- AIM OF THE EXERCISE: Transcribe the listing below only from the line with "So, let’s refresh" up to and including the line with "Festina Automatic Diver".

- DATA RECORDS:
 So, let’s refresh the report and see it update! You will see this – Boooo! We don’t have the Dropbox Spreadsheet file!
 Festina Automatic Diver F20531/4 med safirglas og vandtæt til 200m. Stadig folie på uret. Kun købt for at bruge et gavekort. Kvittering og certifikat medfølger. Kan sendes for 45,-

---

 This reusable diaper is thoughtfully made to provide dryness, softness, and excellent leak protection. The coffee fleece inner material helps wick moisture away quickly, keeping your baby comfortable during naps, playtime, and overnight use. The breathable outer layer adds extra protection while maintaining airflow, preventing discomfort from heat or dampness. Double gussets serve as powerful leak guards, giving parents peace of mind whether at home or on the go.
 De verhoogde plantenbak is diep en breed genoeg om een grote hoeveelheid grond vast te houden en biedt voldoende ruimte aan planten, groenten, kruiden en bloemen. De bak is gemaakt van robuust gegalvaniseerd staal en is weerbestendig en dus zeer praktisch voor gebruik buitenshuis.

- YOUR SOLUTION:
 So, let’s refresh the report and see it update! You will see this – Boooo! We don’t have the Dropbox Spreadsheet file!
 Festina Automatic Diver F20531/4 med safirglas og vandtæt til 200m. Stadig folie på uret. Kun købt for at bruge et gavekort. Kvittering og certifikat medfølger. Kan sendes for 45,-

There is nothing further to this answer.